======== DATA FOR PROCESSING ========
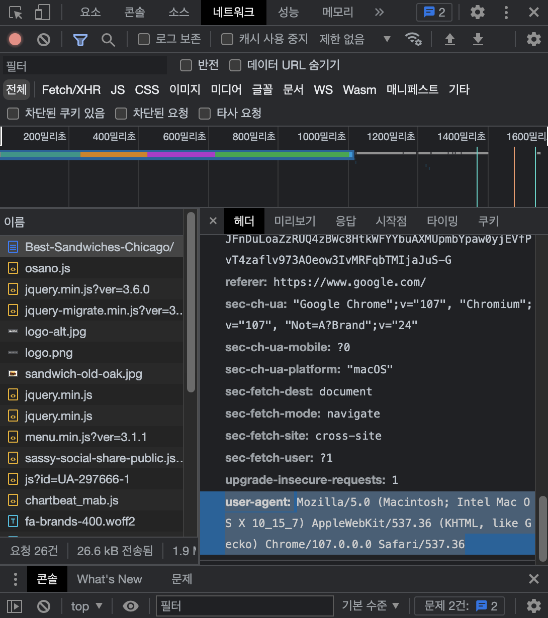 "User-Agents"값은 개발자 도구 -> 네트워크 -> 해당 요청 이름을 누른 뒤 맨 아래로 스크롤하면 있다.
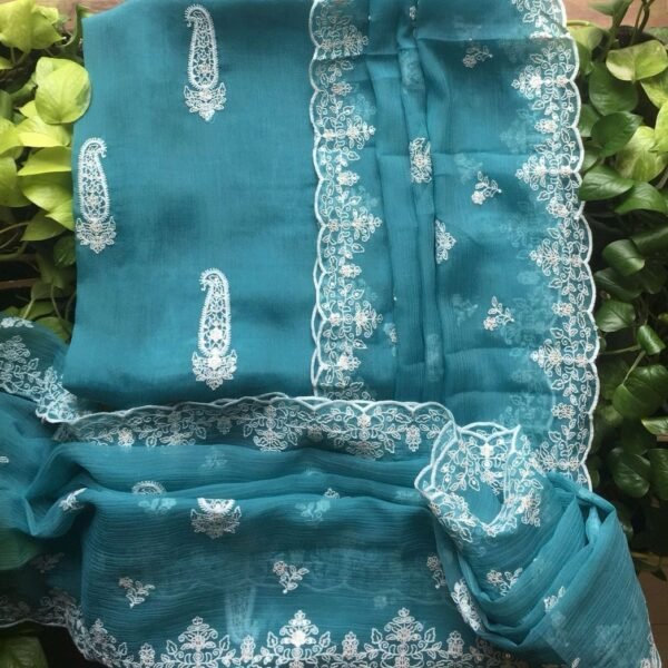 Presenting Our Brand New Collection for Easter in Crush Georgette with exquisite Chikankari embroidery on top and Duppatta in a delicate paisley motif and beautiful floral embroidered borders and scallop on Duppatta. Cotton silk bottom !
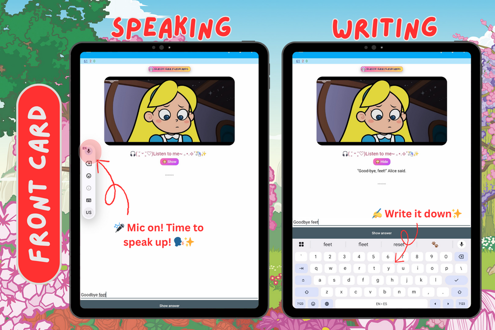 - 🎤 Speak & Write: Practice pronunciation 🎙️ or handwriting ✍️ to recall full sentences. Toggle answer anytime (shortcut H on Desktop).
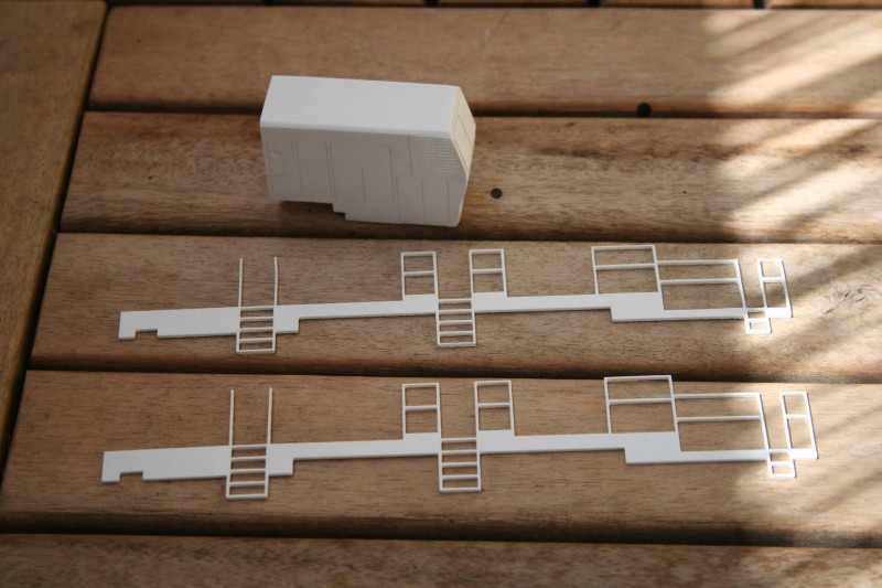 vu l'heure!!! Impressionnant! Le gros avantage avec la pièce de la première photo est d'économiser un temps précieux! Plus de petites pièces à découper et coller... Et en plus un équerrage parfait! Pas de marchepieds qui risquent de partir en vrille!
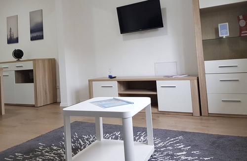 It has two bedrooms, one double and the other with two beds, the living room has a dining table, flat TV, Wi-fi and cable channels.
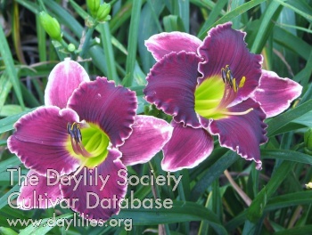 Red violet bitone with green throat and fine, white ruffled edge.
========
[ACTIVITY]:
Only the text is to be copied: please reproduce the records exactly and drop the pictures.

[EXPECTED ANSWER]:
 "User-Agents"값은 개발자 도구 -> 네트워크 -> 해당 요청 이름을 누른 뒤 맨 아래로 스크롤하면 있다.
 Presenting Our Brand New Collection for Easter in Crush Georgette with exquisite Chikankari embroidery on top and Duppatta in a delicate paisley motif and beautiful floral embroidered borders and scallop on Duppatta. Cotton silk bottom !
 - 🎤 Speak & Write: Practice pronunciation 🎙️ or handwriting ✍️ to recall full sentences. Toggle answer anytime (shortcut H on Desktop).
 vu l'heure!!! Impressionnant! Le gros avantage avec la pièce de la première photo est d'économiser un temps précieux! Plus de petites pièces à découper et coller... Et en plus un équerrage parfait! Pas de marchepieds qui risquent de partir en vrille!
 It has two bedrooms, one double and the other with two beds, the living room has a dining table, flat TV, Wi-fi and cable channels.
 Red violet bitone with green throat and fine, white ruffled edge.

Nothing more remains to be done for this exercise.